• WHAT THE TASK ASKS: Please restate the records that follow word for word, omitting any images.

::::::::::

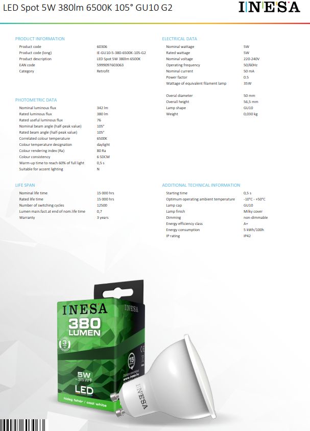 Led spot, GU10 4W, 346 lumen, erősebb, mint egy 40 wattos halogén. 6500 kelvin, hideg fehér. Szórásszög 100°. Ez a led égő kiválóan alkalmas tárgyak, polcok üzletterek megvilágítására! Ez egy led spotégő vagy led fényforrás, nem led izzó! Bármelyik spot keretbe/ lámpatestbe belefér! Csak a leddiszkontban: A lumen vizsgálati jelentés megtalálható a termék alatt, a Fény- és teljesítménymérési jegyzőkönyv, Letöltés menüpontban! 2 év garancia!
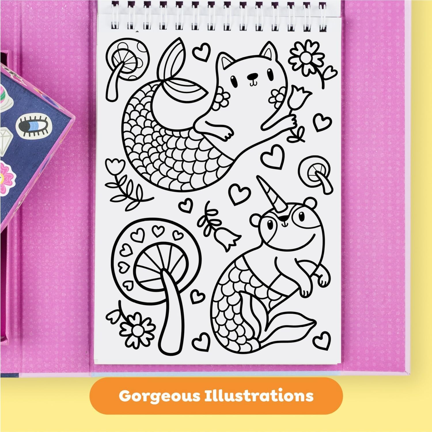 Χρωματίστε με 10 μαρκαδόρους και διακοσμήστε με αυτοκόλλητα τις εικόνες με τους μονόκερους, τις γοργόνες και τα άλλα μαγικά πλάσματα!
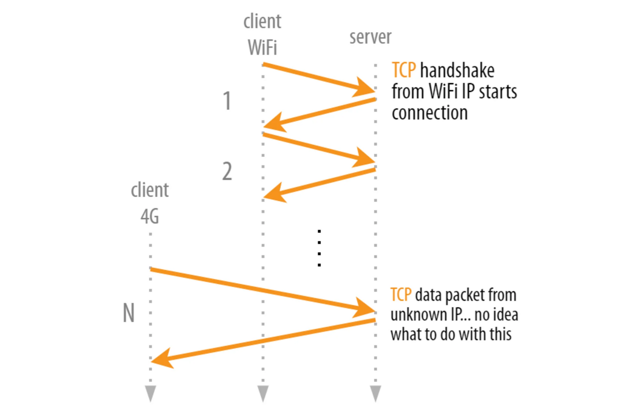TCP 는 우리가 스마트폰 등을 사용할 것이라고 꿈꾸기 이전에 개발되었다. 때문에 클라이언트가 서버에게 자신의 IP 가 바뀌었음을 알릴 어떠한 메커니즘도 존재하지 않는다.
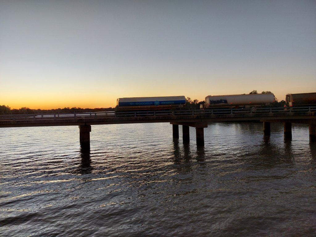 Out of Normanton is a pedestrian bridge over the Norman River. Its quite an impressive waterway. I spent an hour looking for crocs and watching the sky turn amazing colours.
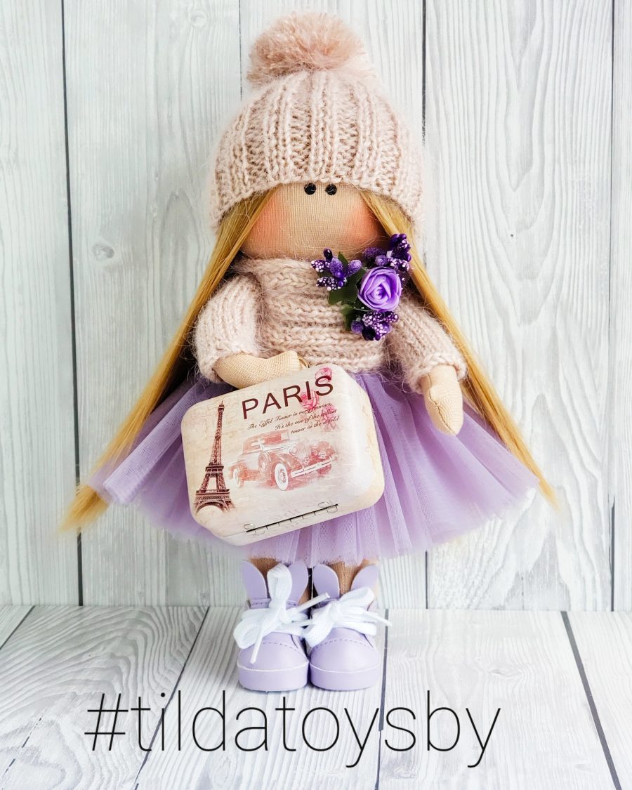 Рост 30 см., стоит самостоятельно, одежда несъемная. В розовом комбинезоне и с серым мишкой в руках. На ногах розовые кеды.Куколка Франсуаз

::::::::::

• OUTPUT FOR THIS EXERCISE:
 Led spot, GU10 4W, 346 lumen, erősebb, mint egy 40 wattos halogén. 6500 kelvin, hideg fehér. Szórásszög 100°. Ez a led égő kiválóan alkalmas tárgyak, polcok üzletterek megvilágítására! Ez egy led spotégő vagy led fényforrás, nem led izzó! Bármelyik spot keretbe/ lámpatestbe belefér! Csak a leddiszkontban: A lumen vizsgálati jelentés megtalálható a termék alatt, a Fény- és teljesítménymérési jegyzőkönyv, Letöltés menüpontban! 2 év garancia!
 Χρωματίστε με 10 μαρκαδόρους και διακοσμήστε με αυτοκόλλητα τις εικόνες με τους μονόκερους, τις γοργόνες και τα άλλα μαγικά πλάσματα!
TCP 는 우리가 스마트폰 등을 사용할 것이라고 꿈꾸기 이전에 개발되었다. 때문에 클라이언트가 서버에게 자신의 IP 가 바뀌었음을 알릴 어떠한 메커니즘도 존재하지 않는다.
 Out of Normanton is a pedestrian bridge over the Norman River. Its quite an impressive waterway. I spent an hour looking for crocs and watching the sky turn amazing colours.
 Рост 30 см., стоит самостоятельно, одежда несъемная. В розовом комбинезоне и с серым мишкой в руках. На ногах розовые кеды.Куколка Франсуаз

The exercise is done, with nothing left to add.